Exercise brief: Leaving out the pictures, return word for word the stretch of entries below from the line holding "9:02 3号車「ダイナープレヤデス」食堂車にやってきました。 9時からの朝食です。" through the line holding "Chaussons fourrés rouge".

(Dataset content begins)

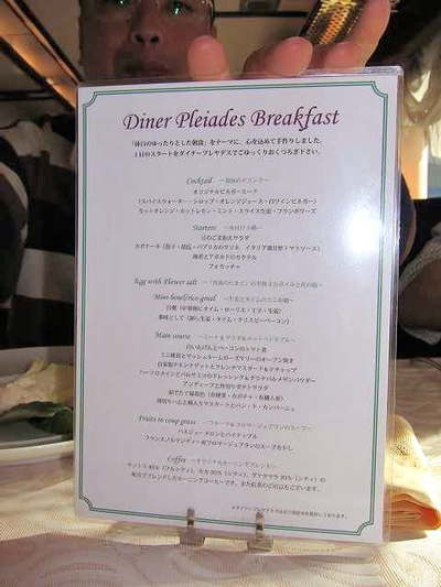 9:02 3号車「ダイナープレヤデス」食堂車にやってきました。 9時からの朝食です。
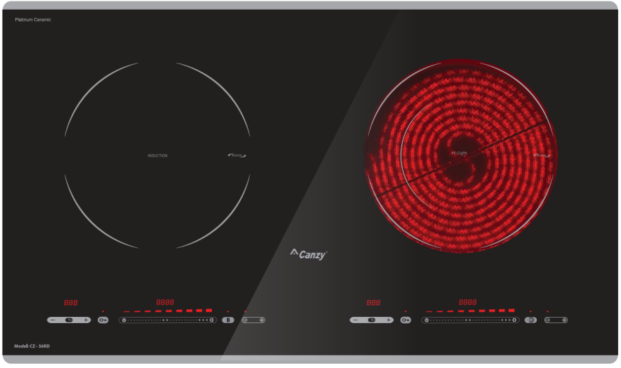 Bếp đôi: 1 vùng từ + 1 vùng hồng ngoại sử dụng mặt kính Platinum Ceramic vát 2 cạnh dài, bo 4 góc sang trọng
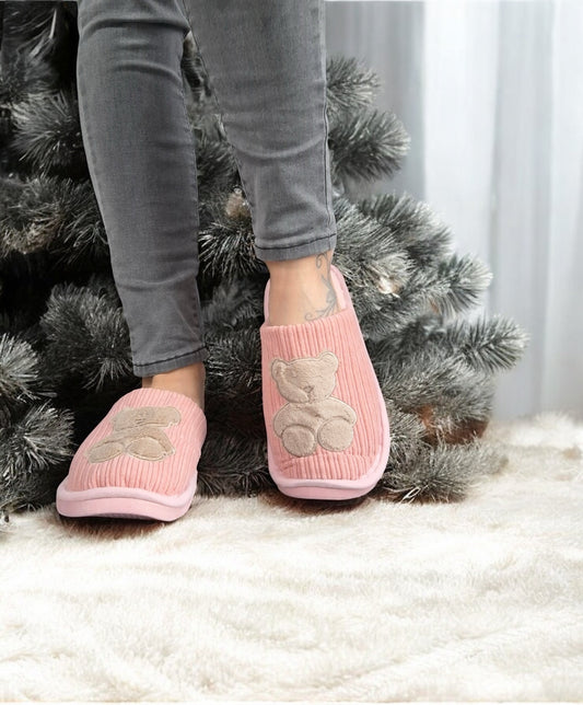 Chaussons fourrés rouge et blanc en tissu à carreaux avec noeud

(Dataset content ends)
(Dataset content begins)

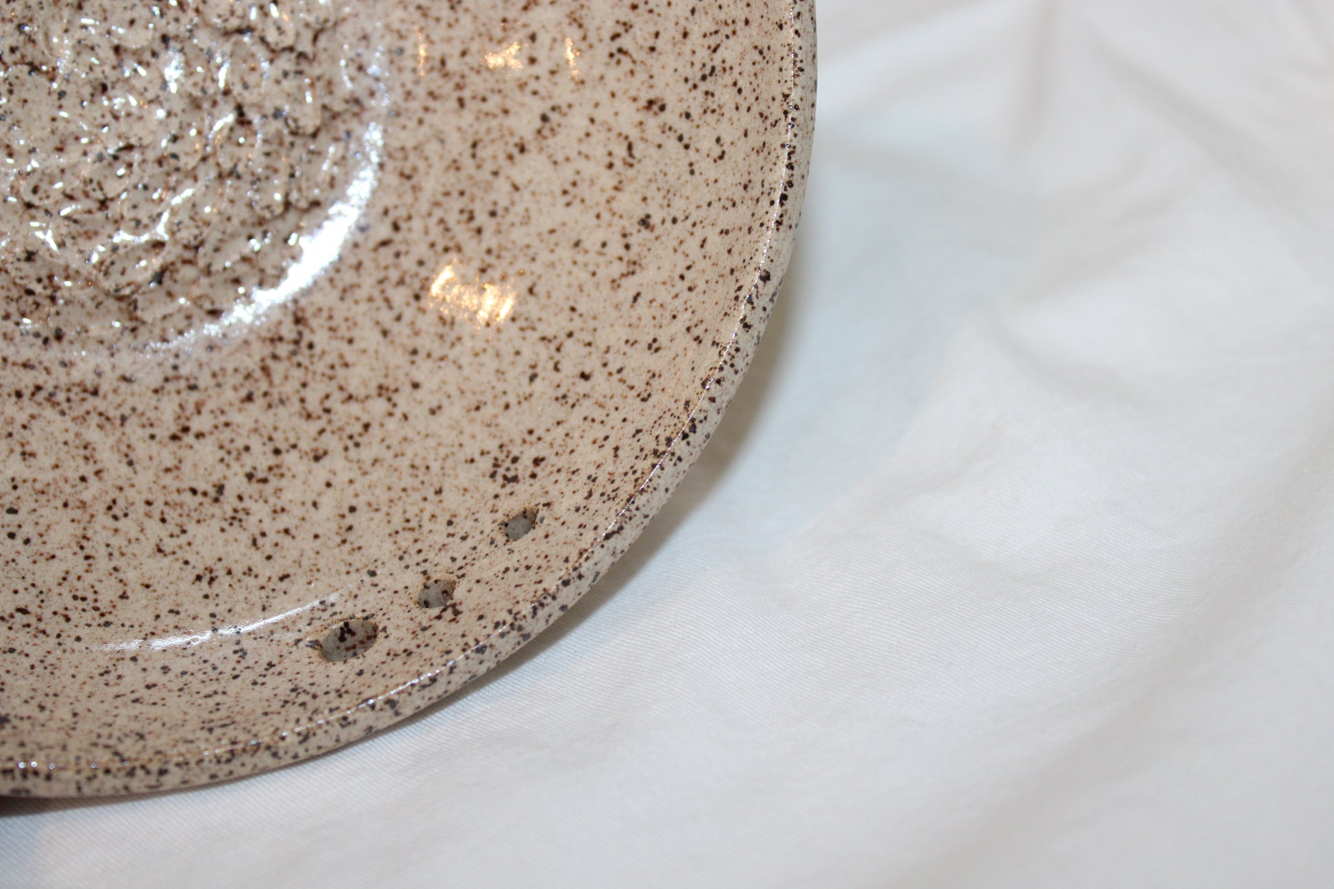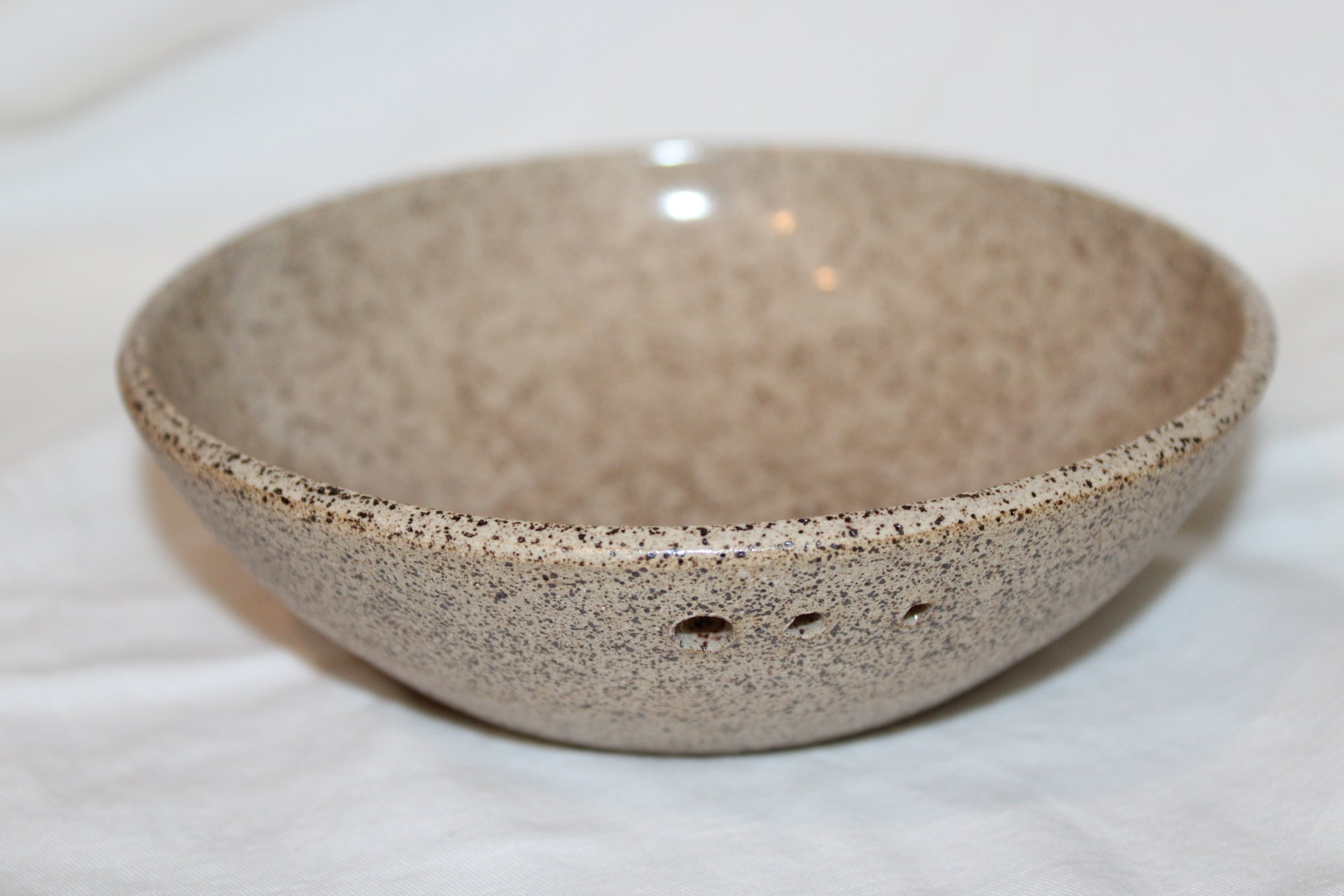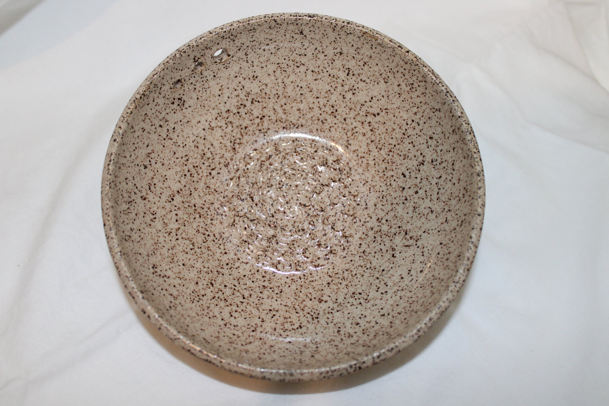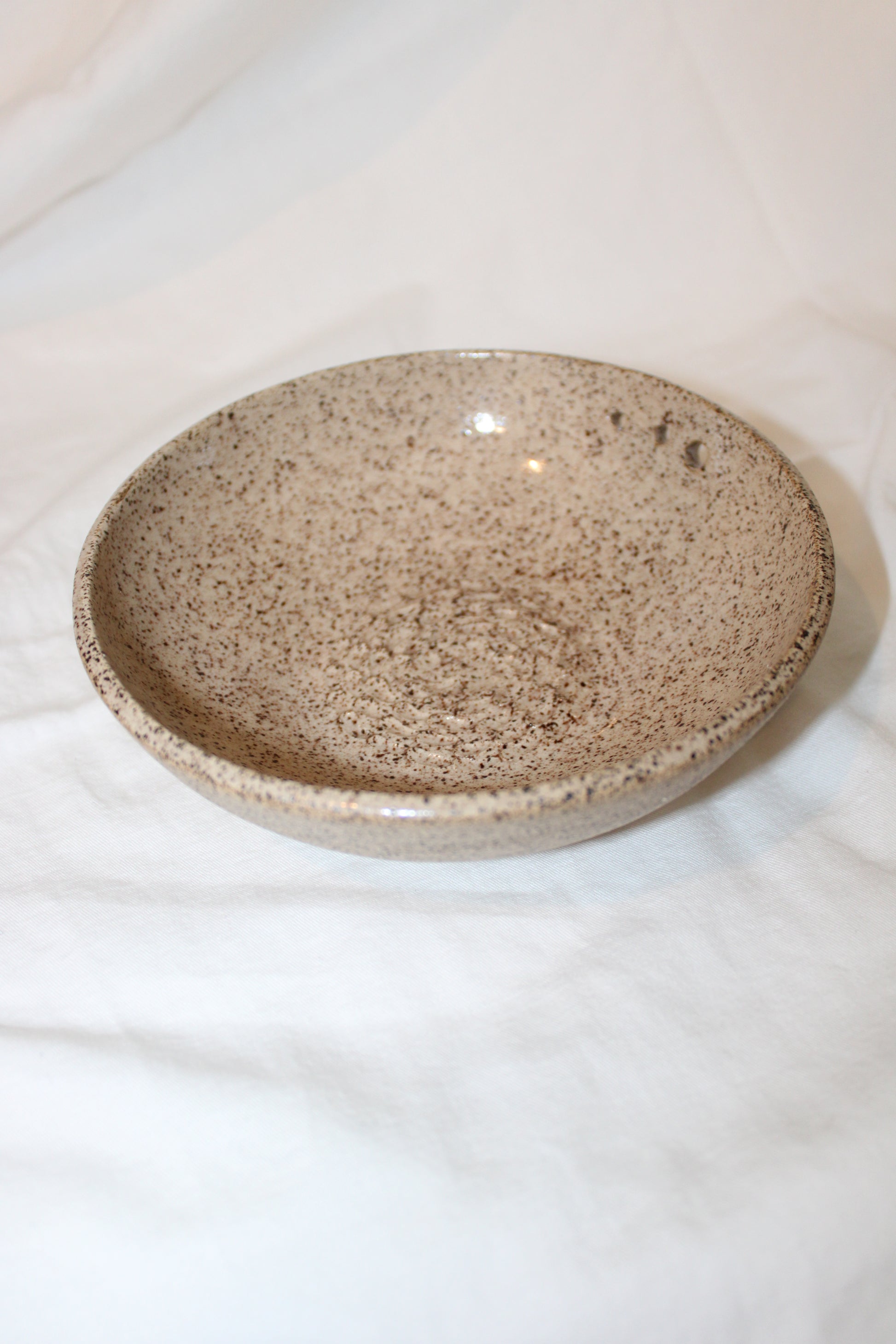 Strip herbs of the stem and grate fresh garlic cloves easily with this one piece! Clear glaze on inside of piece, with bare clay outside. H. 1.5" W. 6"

(Dataset content ends)
(Dataset content begins)

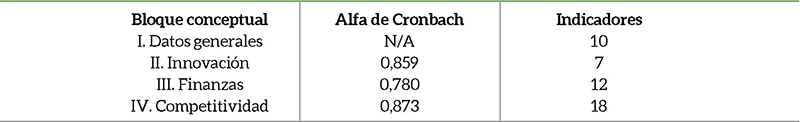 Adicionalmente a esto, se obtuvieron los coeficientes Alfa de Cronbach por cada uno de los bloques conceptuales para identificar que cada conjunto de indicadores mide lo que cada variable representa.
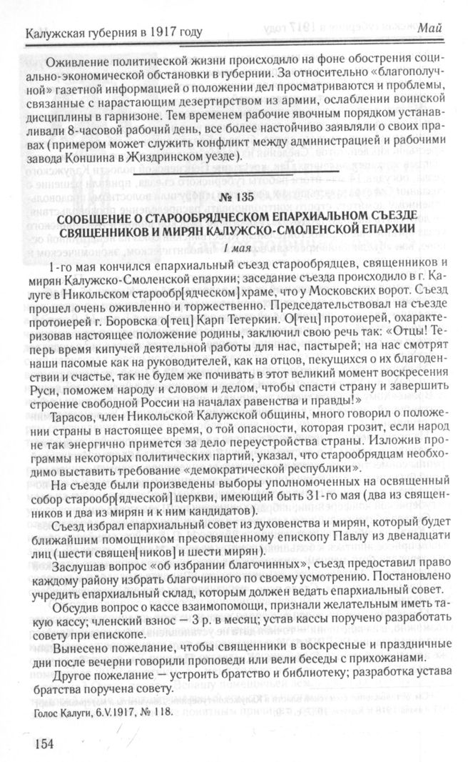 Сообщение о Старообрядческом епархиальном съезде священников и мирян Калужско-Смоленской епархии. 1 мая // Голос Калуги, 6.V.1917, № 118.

(Dataset content ends)

Response:
 9:02 3号車「ダイナープレヤデス」食堂車にやってきました。 9時からの朝食です。
 Bếp đôi: 1 vùng từ + 1 vùng hồng ngoại sử dụng mặt kính Platinum Ceramic vát 2 cạnh dài, bo 4 góc sang trọng
 Chaussons fourrés rouge et blanc en tissu à carreaux avec noeud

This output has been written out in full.